Bill Willingham’s Fables is the type of thing the Grim Brothers would have written if they lived in the Bronx doing bong rips while watching The Daily Show on Hulu. The book is smart because it knows that Little Red Riding-hood has more to do with hymens and patriarchy than hiking safety and taxidermy.

Willingham is not afraid of dealing with messy questions like:

how a frog is supposed to handle courtly life and executing criminals.

Why a grown man make wooden boy instead of a perfectly good set of mahogany wives?

How damaged were Hansel and Gretel after they pulled each other out of the rubble of the witches house and what was her name anyway?

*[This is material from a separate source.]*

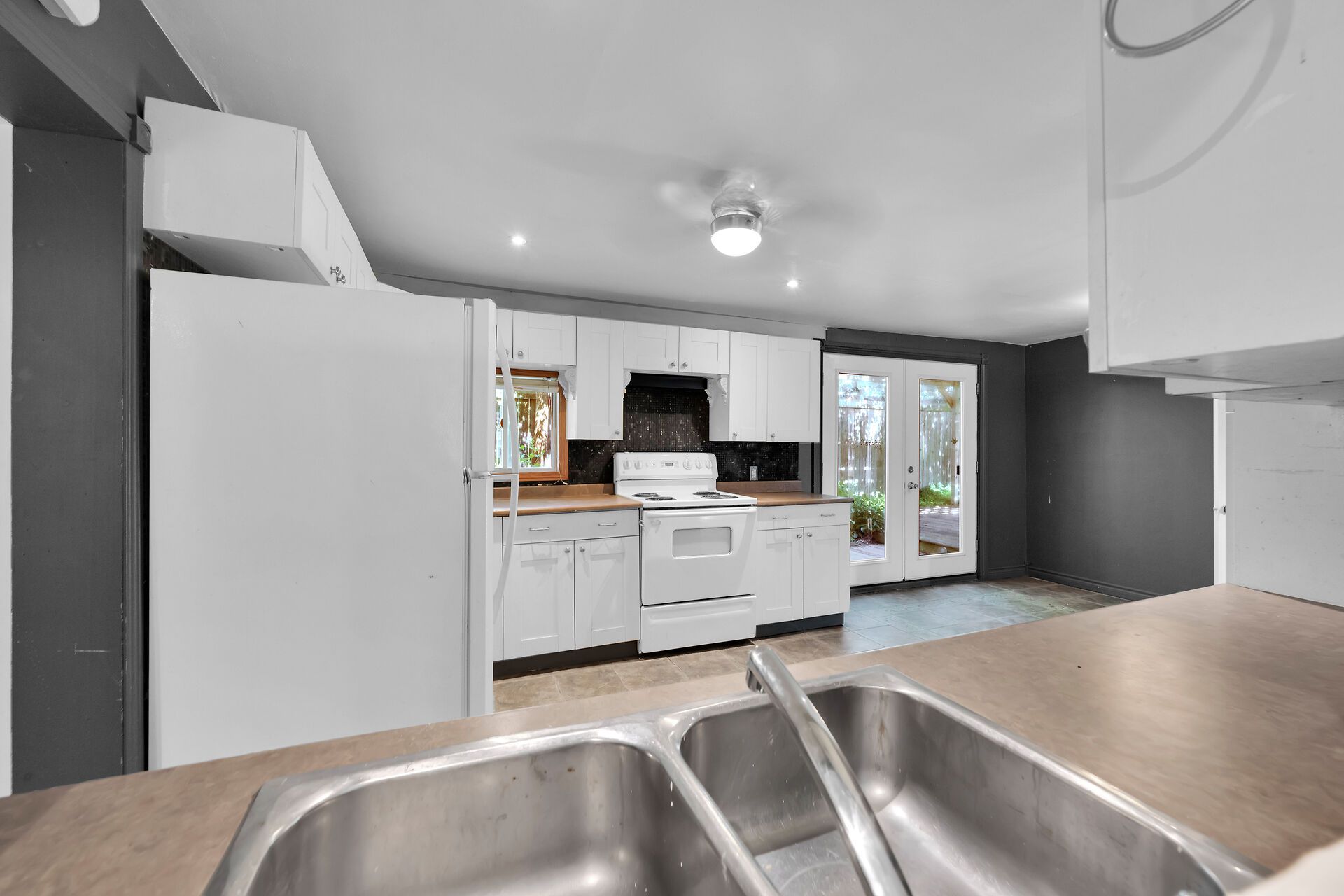Charming 3-bedroom home located on the hill surrounded by trees! Short stroll to downtown & easy access to qew. Spacious main floor with large kitchen and glass doors leading to very private patio with pergola. Main floor family room with gas fireplace, main floor office & main floor laundry, 1. 5 baths. Large shed with loft. Appliances. Steps to bruce trail for nature-lovers. Country setting near city conveniences! Some photos virtually staged.

In Fables the hard nosed cop's troubled past involves eating people, so Willingham puts the character next to the ones that got away and the relatives of the ones that didn't. He also makes sure that Prince Charming faces the reality of his silly name, his douchey personality, and the realization that he is just a narrative tool and that his name is on the stab and neuter list of most of Fabletown's female inhabitants.


Fables is a story of immigrants so it takes place in New York. Like any thriving ethnic group the characters of Fabletown have there own borough and they want to keep the mundys out.

Willingham includes fables from Africa, India and other places outside of the European rehash we've come to accept and regurgitate. There is a constant theme of cultural atom smashing, with character's who speak four languages and bigots both fantastic and mundane.

Like Neil Gaiman and Mike Carey, Williingham has rescued our myths from the tomb of academia and the sanatoriums rectally fixated Jungian psycho therapy. The tension and the neurotic mood of the series keeps it relevant.

People forget that the wolf ate grandma, how the witch screamed as Gretel stoked the fire, how Mowgli fought to kill Shere Khan or how Bluebeard's secret room ran red with the blood of his dead wives.

In the world of Fables we mundys are the lucky ones. We can launder our legends from a distance, wash off the blood in soapy omission. But Fables can not do that and are forced to be the interesting ones the freaks. With Fables Willingham has achieved folkloric realism.